Tokenizing 2,834 training samples...
  Tokenized 0 samples.
  Tokenized 600 samples.
  Tokenized 1,200 samples.
  Tokenized 1,800 samples.
  Tokenized 2,400 samples.
DONE.
     2,834 samples

Sort by length

정렬되지 않은 원래 순서대로 sample의 길이를 살펴보겠습니다. 아래 plot은 샘플 길이가 크게 다르고 정렬되지 않았음을 확인합니다.

unsorted_lengths = [len(x) for x in input_ids]
import matplotlib.pyplot as plt
import seaborn as sns

sns.set(style='darkgrid')

sns.set(font_scale=1.5)
plt.rcParams["figure.figsize"] = (12,6)

plt.scatter(range(0, len(unsorted_lengths)), unsorted_lengths, marker="|")

plt.xlabel('Sample Number')
plt.ylabel('Sequence Length')
plt.title('Samples BEFORE Sorting')

plt.show()

png

이제 동일한(또는, 적어도 유사한) 길이의 batch를 생성하고 동일한 plot을 다시 생성할 수 있도록 길이별로 sample을 정렬합니다.

sorted_input_ids = sorted(zip(input_ids, train_targets), key=lambda x: len(x[0]))
print('Shortest sample:', len(sorted_input_ids[0][0]))
print('Longest sample:', len(sorted_input_ids[-1][0]))
sorted_lengths = [len(s[0]) for s in sorted_input_ids]

Shortest sample: 157
Longest sample: 322

import matplotlib.pyplot as plt
import seaborn as sns

# Use plot styling from seaborn.
sns.set(style='darkgrid')

# Increase the plot size and font size.
sns.set(font_scale=1.5)
plt.rcParams["figure.figsize"] = (12,6)

plt.plot(range(0, len(sorted_lengths)), sorted_lengths)

plt.xlabel('Sample Number')
plt.ylabel('Sequence Length')
plt.title('Samples after Sorting')

plt.show()

png

Random Batch Selection

이제 batch를 선택할 준비가 되었습니다. batch를 순서대로 나누지 않고 선택 항목에 어느 정도 randomness를 추가합니다.

process는 다음과 같습니다:

(sorted) sample list에서 임의의 시작점을 선택합니다.
해당 지점에서 시작하여 인접한 batch of samples를 가져옵니다.
list에서 해당 sample을 삭제하고 모든 sample을 가져올 때까지 반복합니다.

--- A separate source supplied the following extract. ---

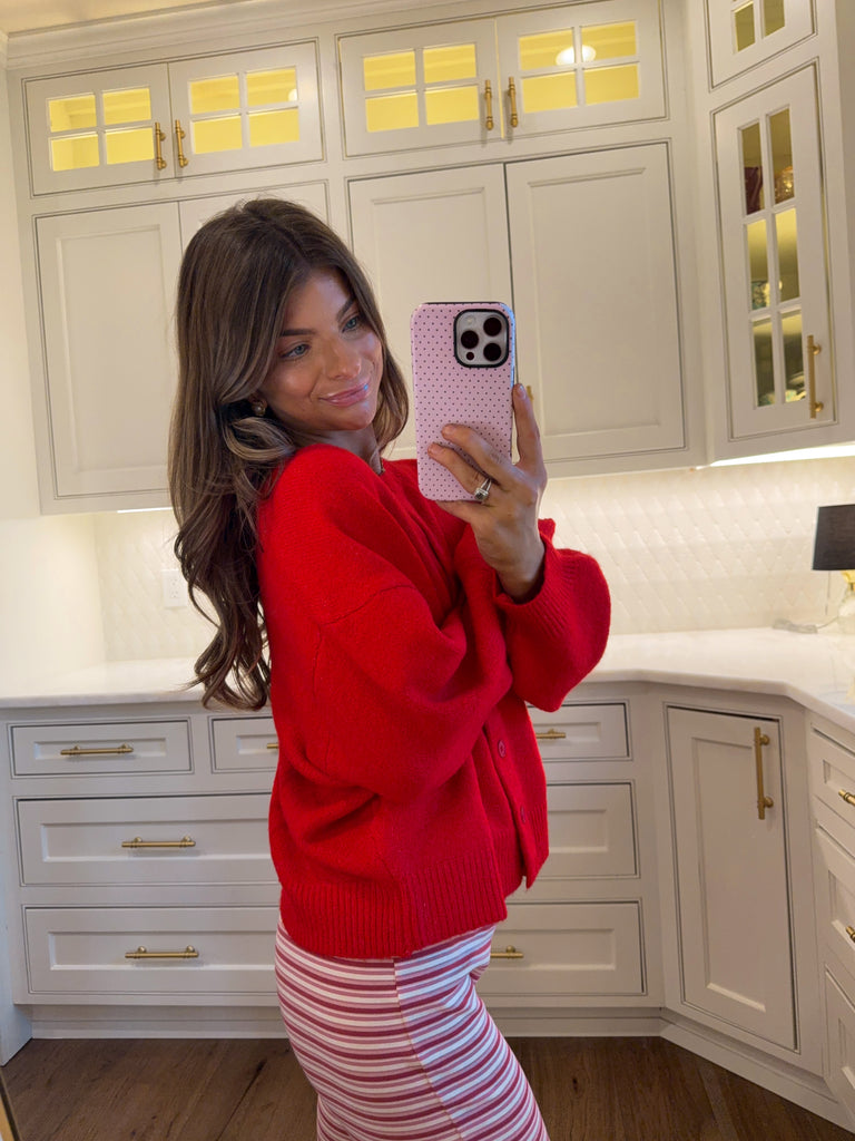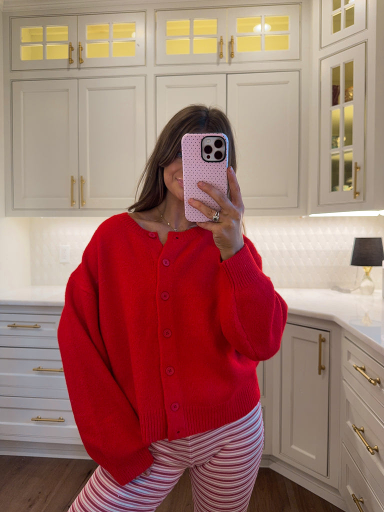 Honeycrisp Knit Button Up Cardigan Sweater - Red

이로 인해 list 일부가 fragmentation될 것이며, 이는 batch를 정렬된 순서로 분할하는 것만큼 효율적이지 않을 것입니다.

batch_size = 24
import random

batch_ordered_sentences = []
batch_ordered_labels = []

print('Creating training batches of size {:}'.format(batch_size))

while len(sorted_input_ids) > 0:  
    if ((len(batch_ordered_sentences) % 50) == 0):
        print('  Selected {:,} batches.'.format(len(batch_ordered_sentences)))

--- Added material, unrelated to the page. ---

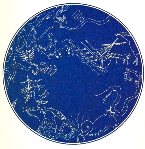 Close behind Scorpio is Sagittarius, the Archer, also a brilliant constellation, with his bow strung ready to shoot the Scorpion; he is a centaur, like the figure near the Southern Cross. He is followed by Capricornus, a very strange animal, for it has the head and horns of a goat and the tail of a fish. As a modern writer quaintly says:

    to_take = min(batch_size, len(sorted_input_ids))
    select = random.randint(0, len(sorted_input_ids) - to_take)
    batch = sorted_input_ids[select:(select + to_take)]
    batch_ordered_sentences.append([s[0] for s in batch])
    batch_ordered_labels.append([s[1] for s in batch])
    del sorted_input_ids[select:select + to_take]

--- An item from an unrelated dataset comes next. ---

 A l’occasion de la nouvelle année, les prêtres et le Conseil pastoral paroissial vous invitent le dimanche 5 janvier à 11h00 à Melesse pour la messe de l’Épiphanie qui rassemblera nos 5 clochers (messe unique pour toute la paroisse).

print('\n  DONE - {:,} batches.'.format(len(batch_ordered_sentences)))

Creating training batches of size 24
  Selected 0 batches.
  Selected 50 batches.
  Selected 100 batches.

  DONE - 119 batches.

Add Padding

우리는 batch를 만들었지만 대부분은 다른 길이의 sequence를 포함할 것입니다. batch의 GPU parallel processing을 활용하려면 batch 내의 모든 sequence 길이가 동일해야 합니다.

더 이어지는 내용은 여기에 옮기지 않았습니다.